Dr Benjamin T. Smith
Email: B.Smith.1@warwick.ac.uk
Peter Watt
Email: p.watt@sheffield.ac.uk
Phone: (UK) 0114 222 0544
Dr. Peter Watt is Lecturer in Hispanic Studies at the University of Sheffield. He is co-author of Drug War Mexico. Politics, Violence and Neoliberalism in the New Narcoeconomy, Zed Books, 2012. His teaching and research interests include Latin American history, narcotrafficking and organised crime, white collar crime, issues relating to the protection of human rights, US/Latin American relations, the media and freedom of expression and new social movements in Latin America. He is also a writer for the North American Congress on Latin America. He is currently working with Mexican refugees seeking asylum in the US.
Megan Ybarra
Email: mybarra@uw.edu
Megan Ybarra is an assistant professor of geography at the University of Washington, Seattle. She only accepts Country of Origin Information cases for rural northern Guatemala and rural southern Mexico, and only from non-profit law clinics. Her first research project examines settler colonialism, violence and land activism in Guatemala’s Maya Forest. Her work has been published in journals including Antipode, Journal of Peasant Studies and Geoforum.
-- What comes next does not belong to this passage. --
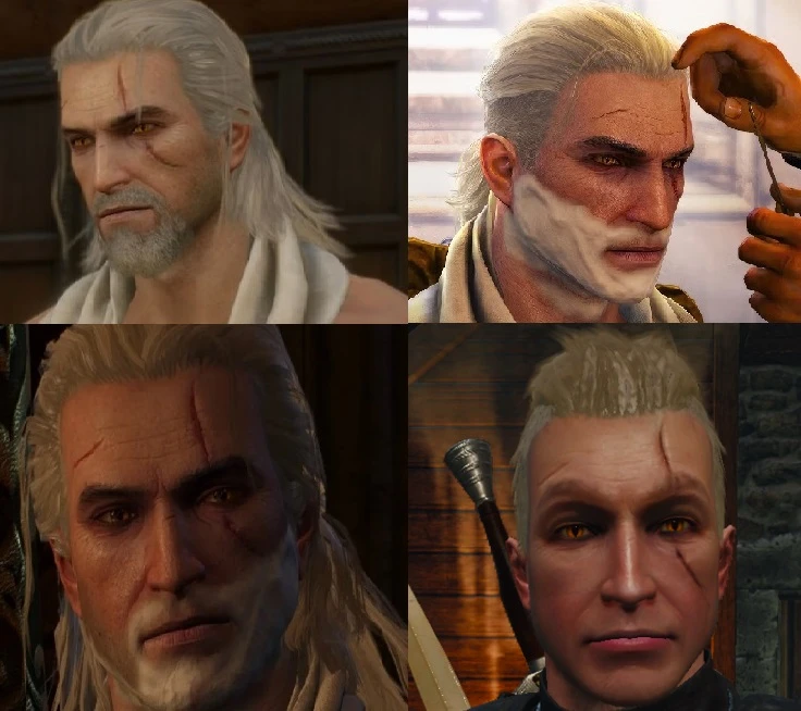大家可能都见过那个流行的梗图,一个男人剃掉胡子后看起来像个孩子。 现在我们可以在游戏中获得同样的效果,去理发店亲自体验一下吧。 这个修改将剃须后的杰洛特贴图替换成了一个更显年轻的版本。 由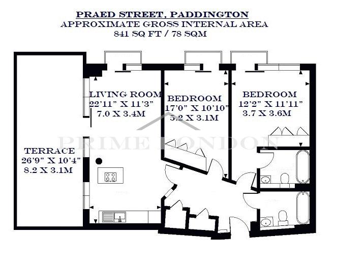 This exceptional fully furnished two bedroom apartment, with private terrace, three private balconies and an excellent living space of 841 sq ft / 78 sq m, is available to rent through Prime London.

Her current research interests include abolitionist solidarity in immigrant justice activism in the US and Mexico’s immigration enforcement practices towards Central American migrants.
Leon Boyer
586-404-4110 (Office)
leon@unitedvoicesusa.com
www.unitedvoicesusa.com
Leon Boyer is a retired Supervisory Border Patrol Agent, where he served in various leadership capacities including, at the U.S. Border Patrol Headquarters’ Intelligence Division. He is the Director of United Voices Interpreting and Consulting, LLC, which serves to provide consultation and expert witness services. His specialties include knowledge in arrest and removal documents, Transnational Criminal Organizations and violence, narcotics and human trafficking, alien smuggling, and migration, with special focus on Mexico.
Mr. Boyer teaches Political Science, Homeland Security, and Border Security at two Michigan community colleges. He holds a Bachelor of Science in Public Administration from the University of Arizona, a Master of Arts in International Relations and Conflict Resolution from American Military University, and a Master of Science in Psychology from Grand Canyon University.